*** INPUT DATA ***

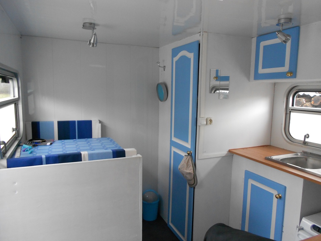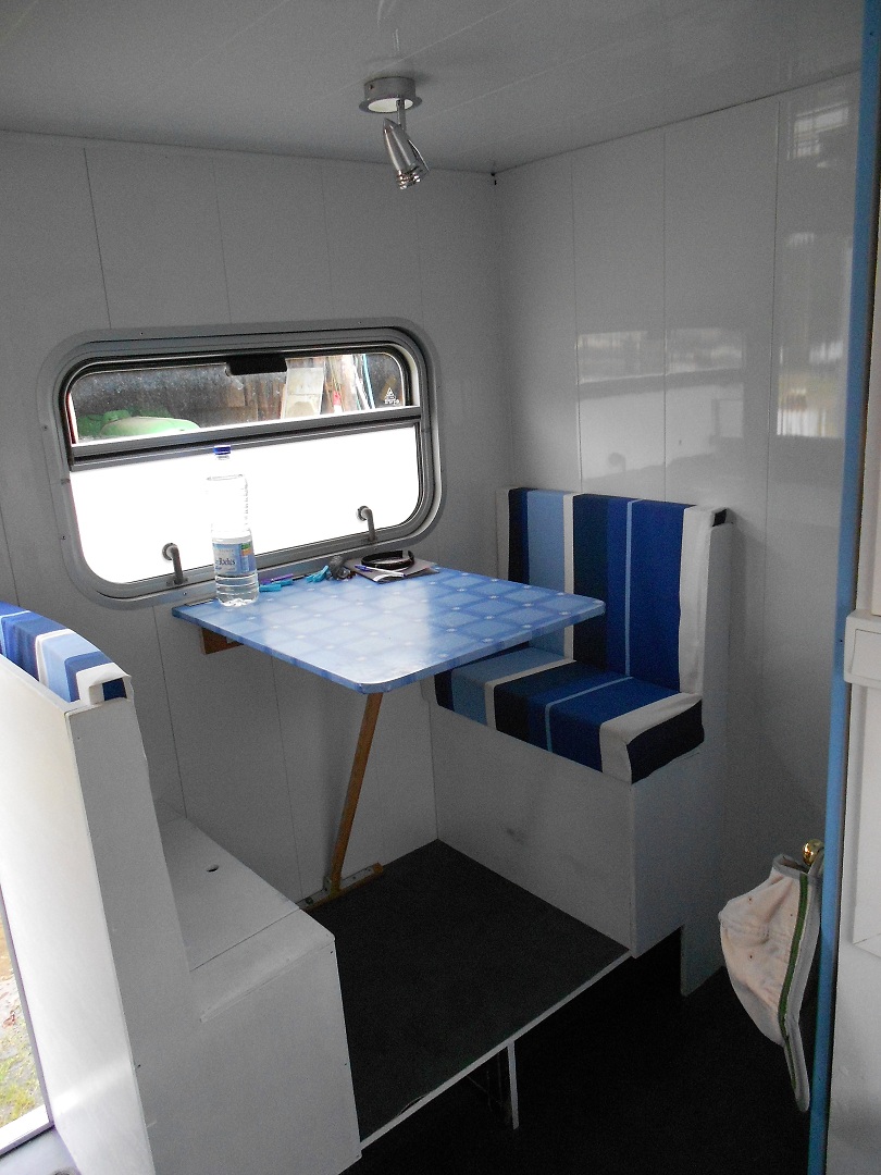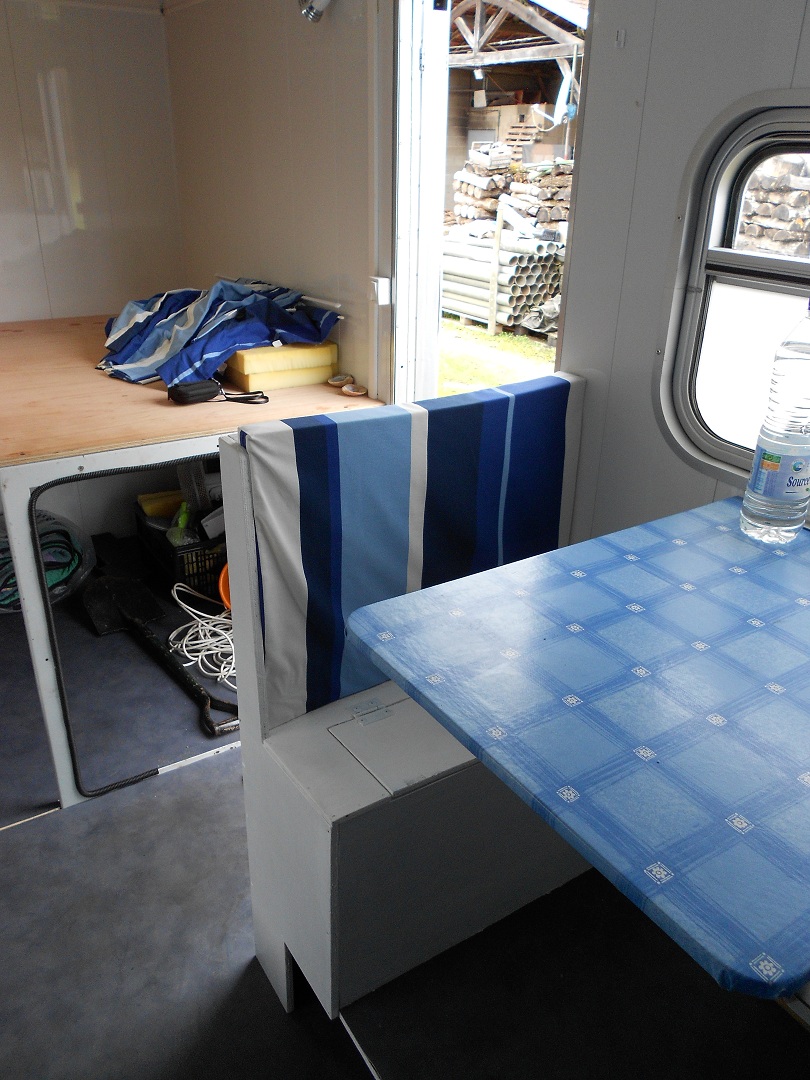 - Un coin table 2 places sur coffre (sous les assises) + grand coffre tout le long sous l'ensemble table. La table peut se replier pour gagner de la place pendant le voyage.
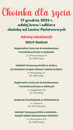 Dziękujemy za zrozumienie i prosimy o wzmożoną ostrożność podczas przebywania w okolicach wyznaczonych prac terenowych. Miejsca prowadzenia prac leśnych zostaną odpowiednio oznakowane za pomocą tablic informacyjnych.
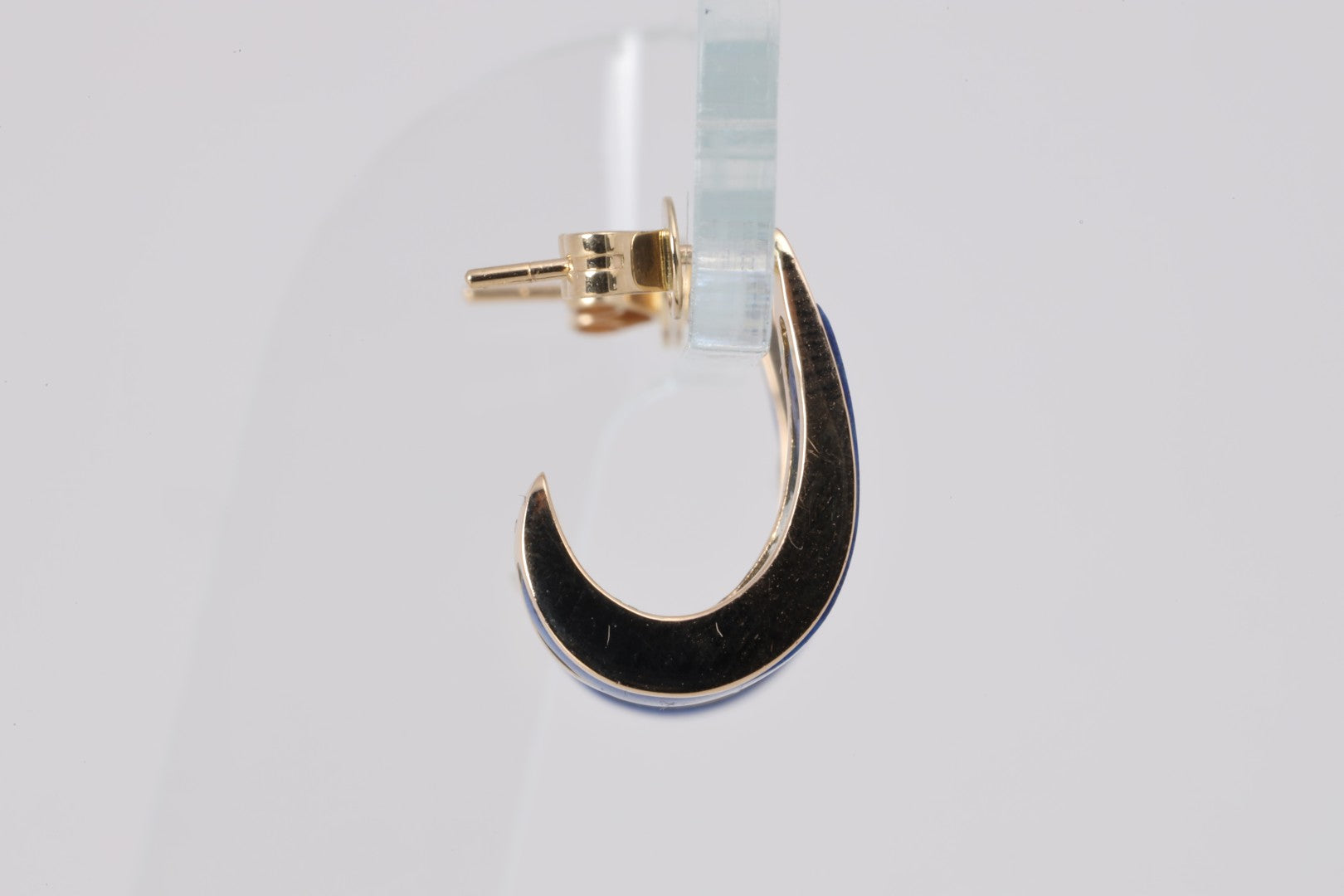 These elegant half hoop earrings are crafted in 14k yellow gold and inlaid with rich blue lapis lazuli. The pair features two inlay-cut stones totaling approximately 0.12 carats, offering a subtle yet striking pop of color. Measuring 17.50mm in length with a comfortable push back closure, these earrings weigh 3.67 grams and are perfect for both everyday wear and special occasions.
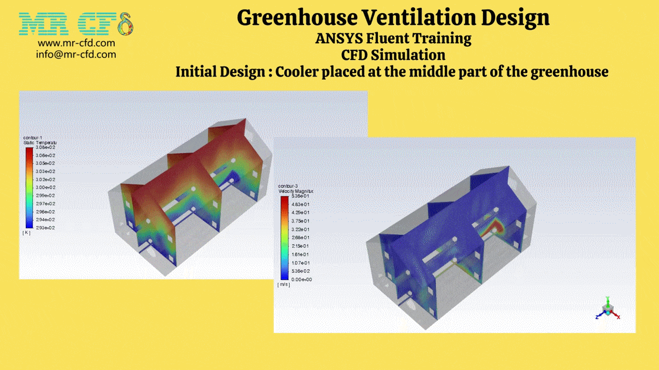 The basic design of this greenhouse only consists of two industrial fans. In the first step, the MR-CFD simulation expert group performed a numerical simulation and analyzed its results. The experts concluded that the present design does not satisfy the three objective factors. So, fans alone cannot improve the greenhouse’s air condition.
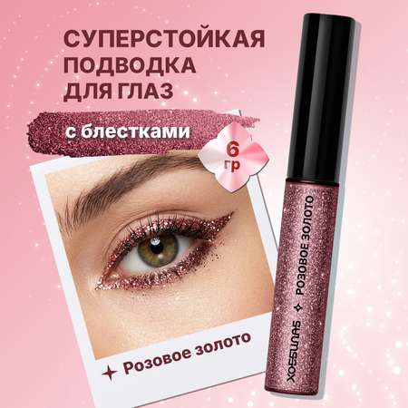 Цена на Цветная глиттерная подводка с блестками ХОББИЛАБ для макияжа глаз розовое золото с кисточкой - 487 ₽.
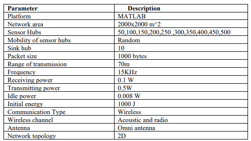 The suggested EBbHR is created and run using MATLAB environment. The network environment is initially established with the necessary nodes. The performance parameters of a novel EBbHR for energy-efficient routing are also assessed and contrasted with those of existing widely used approaches. Table 2 lists the simulation settings needed to implement the suggested system.
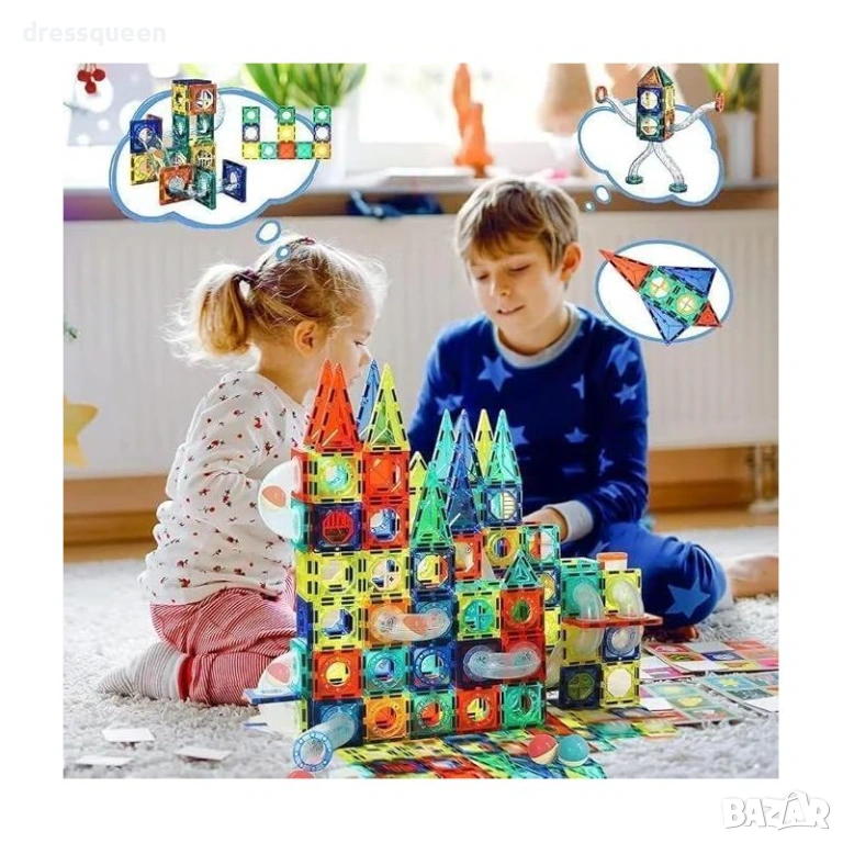 Изградете мечтаната писта с нашия Магнитен конструктор с тръби и топчета!
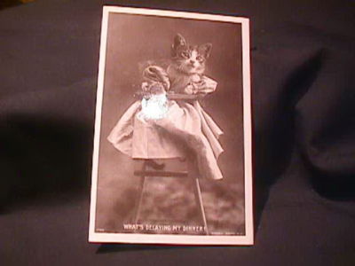 Title (ebay affiliate link): CAT VINTAGE POSTCARD, REAL PHOTO WHATS DELAYIN MY DINNER ENGLISH
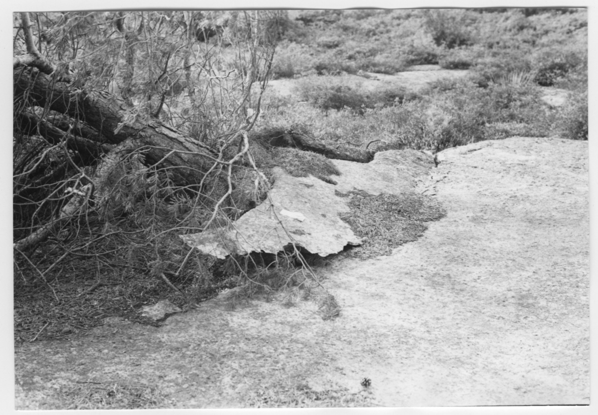 'Bildtext: ''Rotsprängning.'' :: :: Ingår i serie med fotonr. 6970:1-1125, dokumentation av Hisingens naturgeografi, visande landskapsformerna i stora drag och gjord inför exploateringen av området. Platserna för fotograferingen finns utsatta på karta i skala 1:4000 som finns på Göteborgs Naturhistoriska musem. Fotoriktningen mättes med kompass i gammalgrader.'
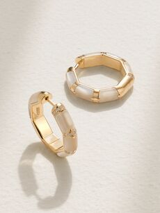 L'ATELIER NAWBARBamboo 18-karat gold, mother-of-pearl and diamond hoop earrings
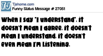 X  When I say "I understand", it doesn't mean I agree, it doesn't mean I understand, it doesn't even mean I'm listening.
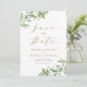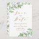 Infórmele a sus huéspedes la fecha de su boda con este personalizable, guarde la tarjeta plana de fecha. Cuenta con un ilustracion acuarela de vegetación y flores blancas con un toque botánico a juego. Personalice agregando nombres, fecha, lugar y otros detalles. Esta vegetación, salvo el anuncio de fecha, es perfecta para bodas de primavera e invierno.
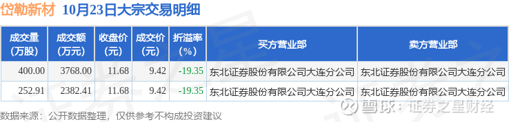 证券之星消息,10月23日岱勒新材发生大宗交易,交易数据如下:

*** End of INPUT DATA ***

EXERCISE DETAILS: Here the job is to copy the listing above word for word, starting at the line with "Dziękujemy za zrozumienie" and ending at the line with "Цена на Цветная", and to leave out the pictures.

RESULT OF THIS EXERCISE:
 Dziękujemy za zrozumienie i prosimy o wzmożoną ostrożność podczas przebywania w okolicach wyznaczonych prac terenowych. Miejsca prowadzenia prac leśnych zostaną odpowiednio oznakowane za pomocą tablic informacyjnych.
 These elegant half hoop earrings are crafted in 14k yellow gold and inlaid with rich blue lapis lazuli. The pair features two inlay-cut stones totaling approximately 0.12 carats, offering a subtle yet striking pop of color. Measuring 17.50mm in length with a comfortable push back closure, these earrings weigh 3.67 grams and are perfect for both everyday wear and special occasions.
 The basic design of this greenhouse only consists of two industrial fans. In the first step, the MR-CFD simulation expert group performed a numerical simulation and analyzed its results. The experts concluded that the present design does not satisfy the three objective factors. So, fans alone cannot improve the greenhouse’s air condition.
 Цена на Цветная глиттерная подводка с блестками ХОББИЛАБ для макияжа глаз розовое золото с кисточкой - 487 ₽.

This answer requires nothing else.